My question comes from a program that I have to do based on this article:

Article

The problem is that I cannot seem to be able to allocate or understand some of the variables and how they fit, I personally think this is very sloppy mathematics and some rigorous stats would have probably benefited this article, but that's just me.

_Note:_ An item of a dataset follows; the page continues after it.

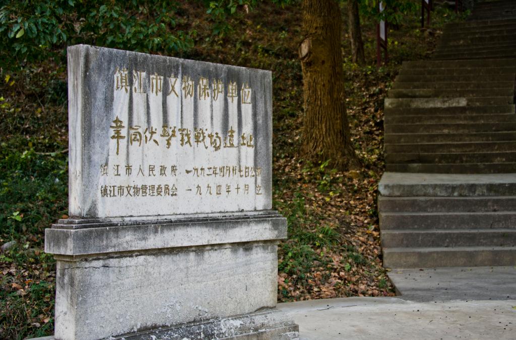 江苏镇江,高骊山麓,拾级而上,韦岗战斗胜利纪念碑立于苍翠之间。碑顶古铜色的步枪雕塑直指苍穹,碑身后方,巨大的长方形石碑上记载了新四军挺进江南敌后、抗击日本侵略者的第一仗。

Anyway this is my pseudo-code/algorithm for the computation and it works:

        /* Algorithm
         * 
         * 1 Avg amount of sales - cupon face value
         * 85 - 75 = 10 Additional $
         * 
         * 2 Nbr cupons sold * redemption percentage (percentage Of Cupons Sold)
         * 3000 * 85 = 2550 Number of tickets redemeed
         * 
         * 3 Nbr cupons sold * sale price * percent taken by groupon
         * 3000 * 35 * .50 = 52500 Groupon money limit goal
         * 
         * 4 Nbr of tickets redeemed * Additional $
         * 2550 * 10 = 25500 Additional money spent by customer
         * 
         * 
         * 5 additional money spent by customer + grupon money limit 
         * 25500 + 52500 =  78000 Gross income
         * 
         * Expenses
         * 
         * 6 Nbr of tickets redeemed * avg amount sold * percent of incremental Cost Sales
         * 2550 * 85 * 40 =  86700 Total expense
         * 
         * 7 Nbr of tickets redeemed / Avg amount of cupons purchased by customers (number cupons purchased by custormers)
         * 2550 / 2 = 1275 Nbr customers
         * 
         * 8 Nbr customers * percent of existing customers (cuponsUsersAlreadyCustomers)
         * 1275 * 0.60 = 765 amount of new customer (Standard deviation of average customer per population)
         * 
         * 9 SD of avg customer per population * Percentage of new customer who returned (percent cupon user who become customers)
         * 765 * 0.10 = 76.5 new repeat customer avg
         * 
         * 10 Net cost / Avg new repeat customer
         * 8700 / 76 = 114 Amount paid for each new regular
         * 
         */

The question is, where the heck that 60% comes from? and is it a fixed value? I mean technically 40% + 10% is 50% and 40% is the old customers. Second what about:

"7. What is the advertising value of having your business promoted to 900,000 people — that’s the number on Groupon’s Chicago list — even if they don’t buy a coupon? $1,000 advertising value."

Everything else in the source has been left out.